Task objective:
In the listing below, the lines starting at the line with "Skandinávský noční stolek" and ending at the line with "Group of three" are to be output verbatim. Images stay out of the copy.

Dataset extract:
----

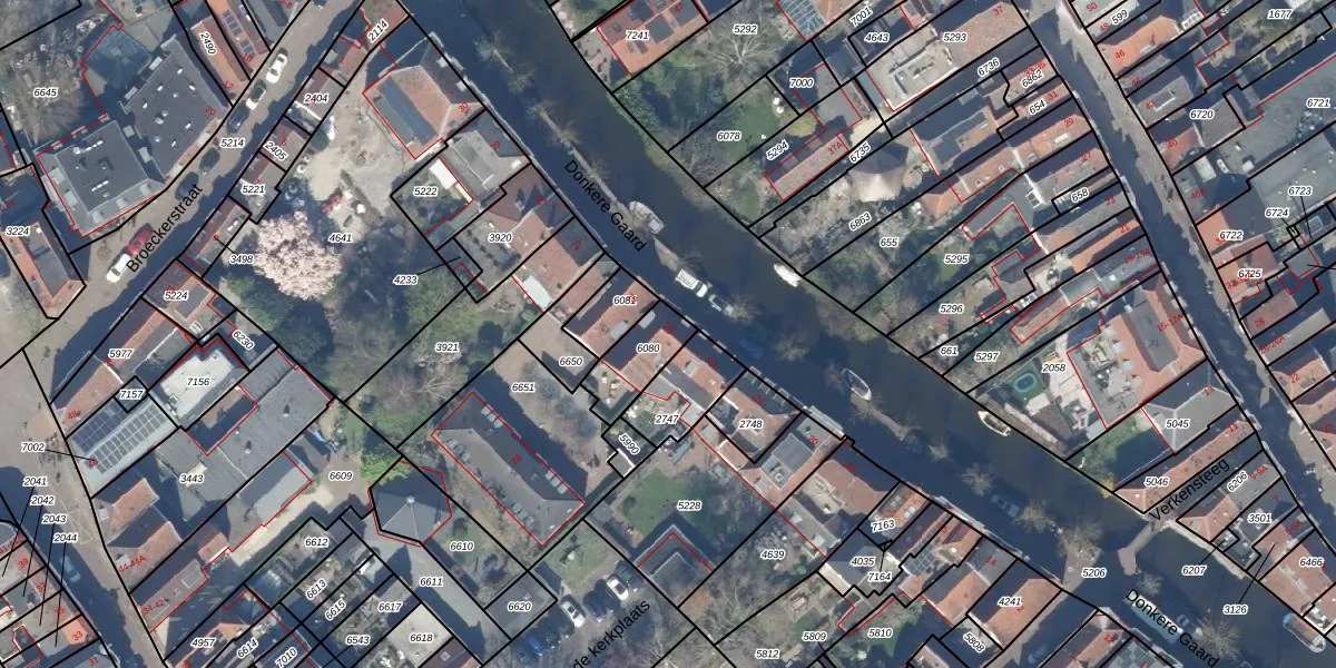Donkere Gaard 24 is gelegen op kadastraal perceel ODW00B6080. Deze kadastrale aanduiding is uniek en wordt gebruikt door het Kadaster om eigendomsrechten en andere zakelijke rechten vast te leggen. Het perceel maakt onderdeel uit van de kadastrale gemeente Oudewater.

----

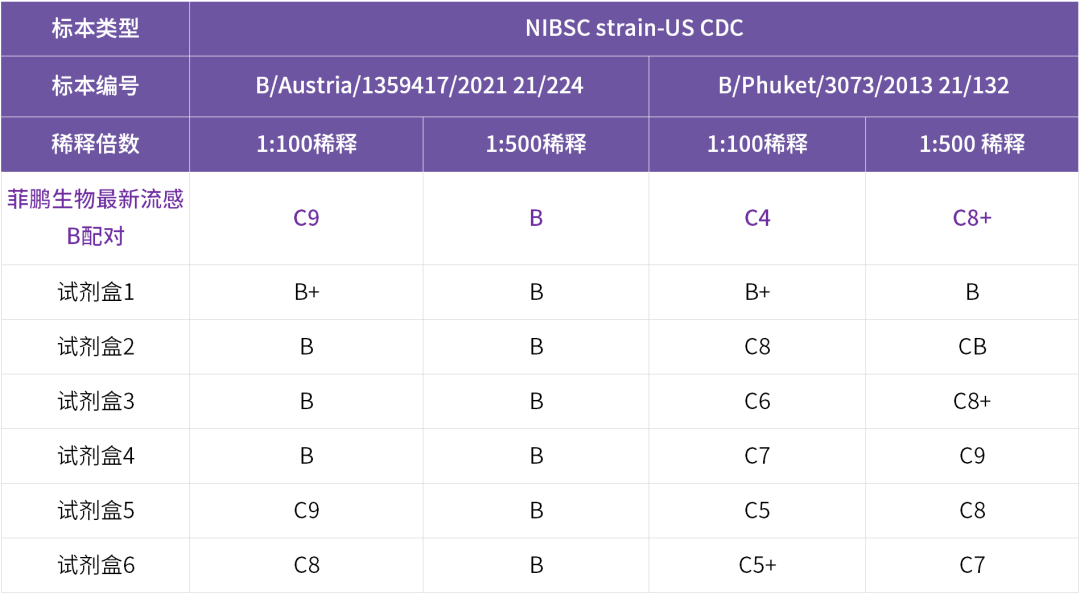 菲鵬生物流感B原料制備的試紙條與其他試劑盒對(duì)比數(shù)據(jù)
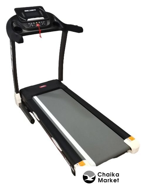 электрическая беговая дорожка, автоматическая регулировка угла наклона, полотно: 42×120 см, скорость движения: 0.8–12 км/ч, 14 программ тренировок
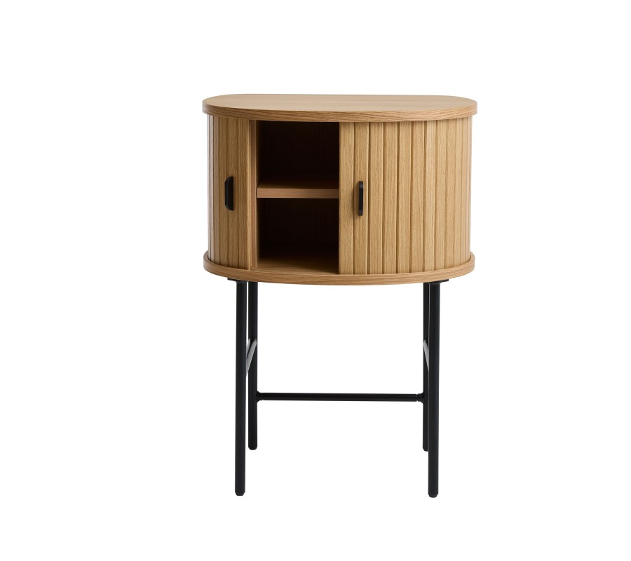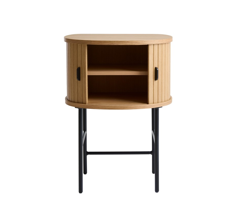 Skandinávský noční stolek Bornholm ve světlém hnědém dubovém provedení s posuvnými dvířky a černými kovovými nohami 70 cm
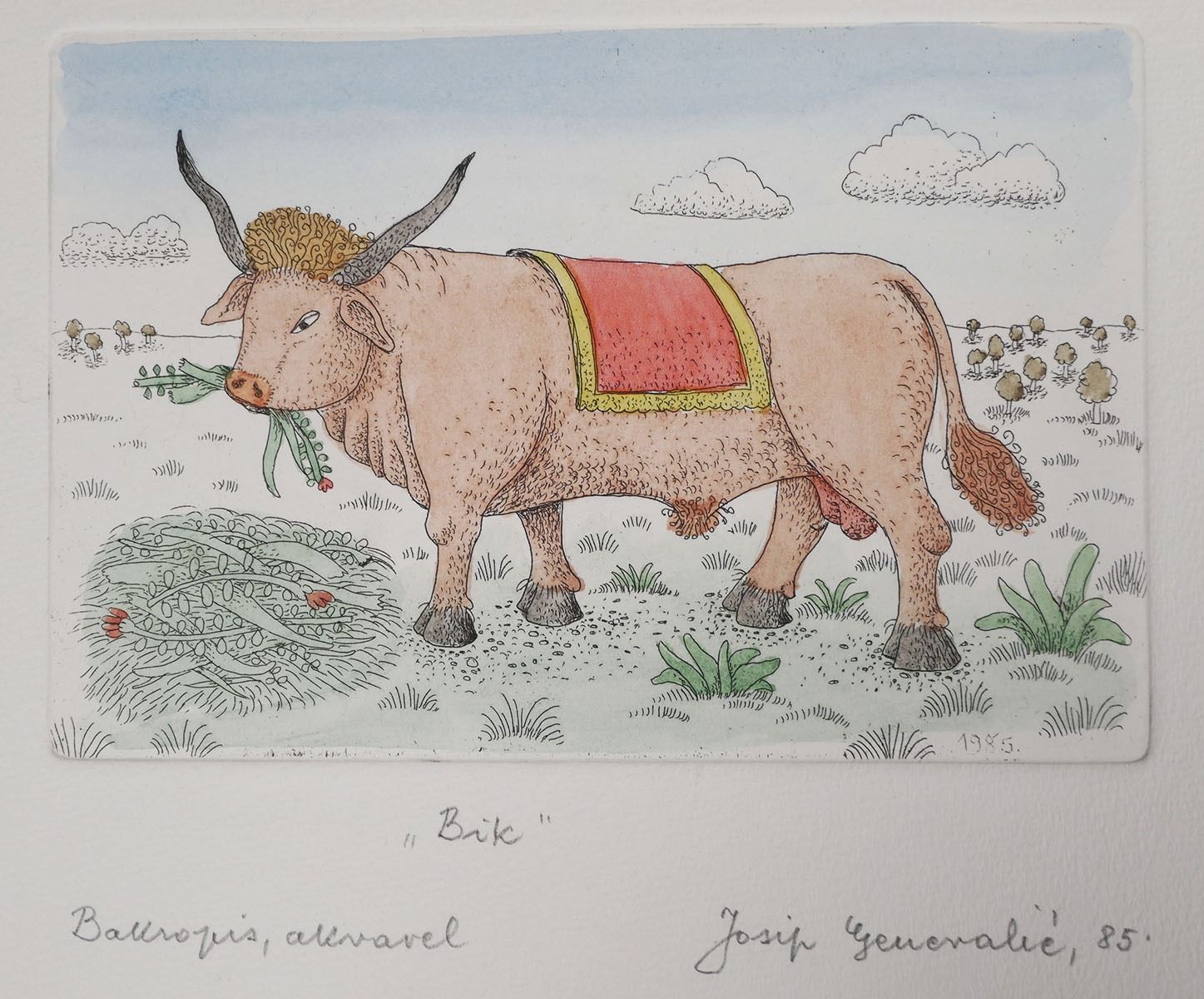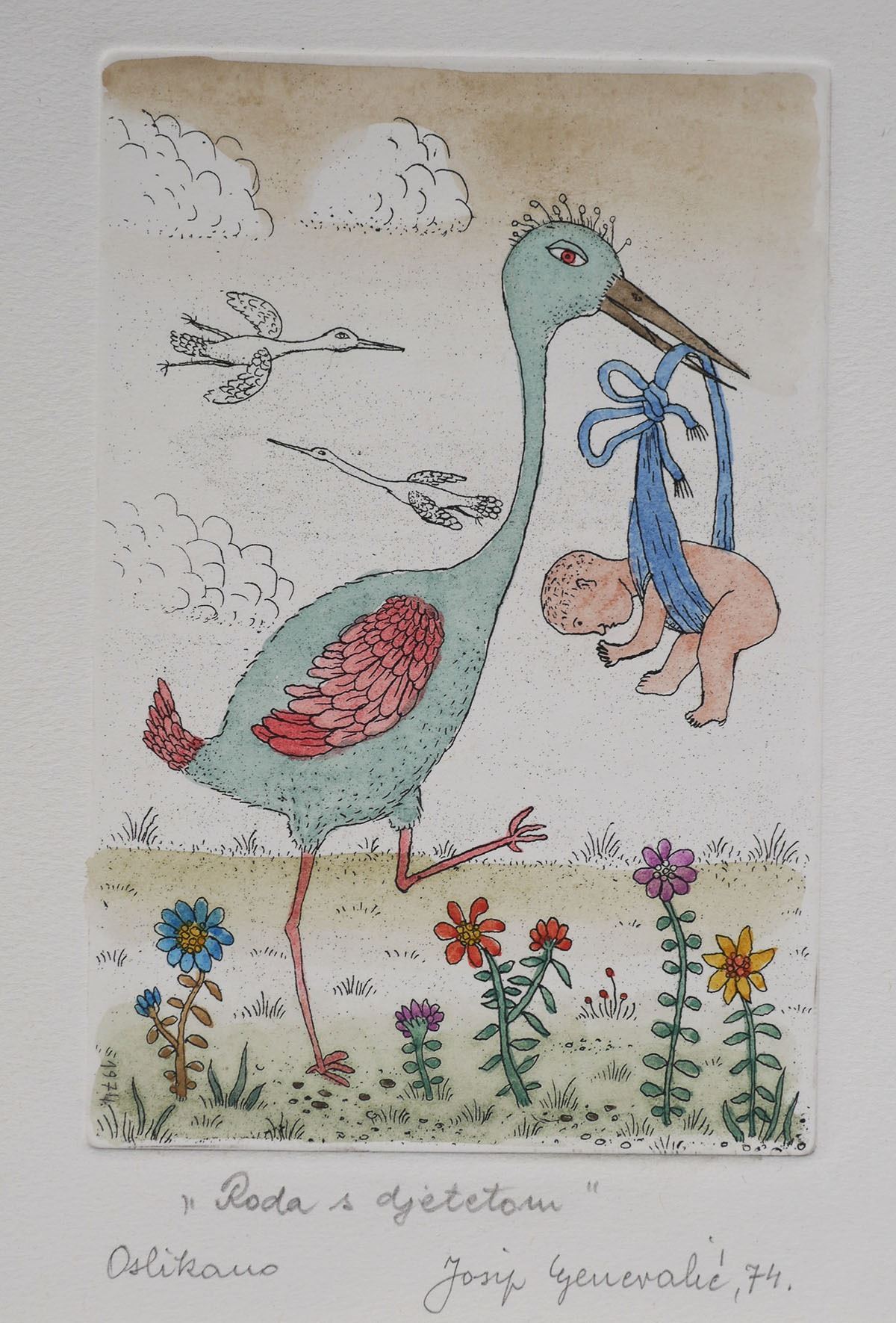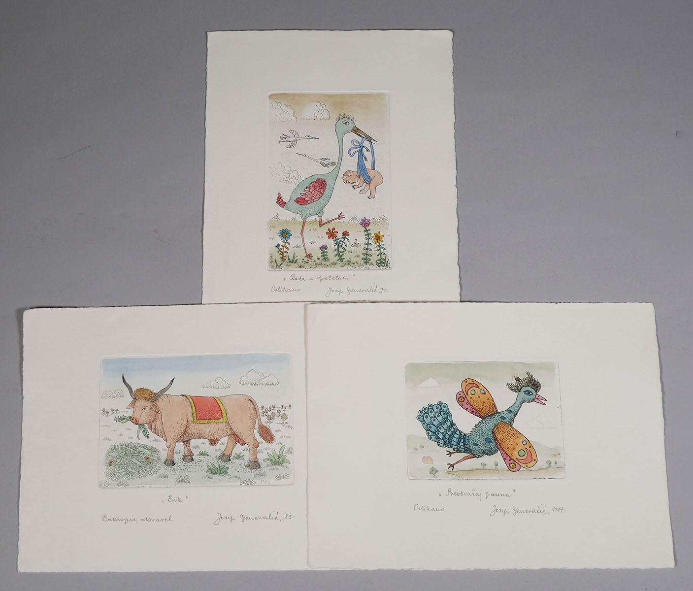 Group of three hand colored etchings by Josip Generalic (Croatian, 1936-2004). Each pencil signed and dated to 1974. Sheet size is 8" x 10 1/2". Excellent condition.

----

Response to the task:
 Skandinávský noční stolek Bornholm ve světlém hnědém dubovém provedení s posuvnými dvířky a černými kovovými nohami 70 cm
 Group of three hand colored etchings by Josip Generalic (Croatian, 1936-2004). Each pencil signed and dated to 1974. Sheet size is 8" x 10 1/2". Excellent condition.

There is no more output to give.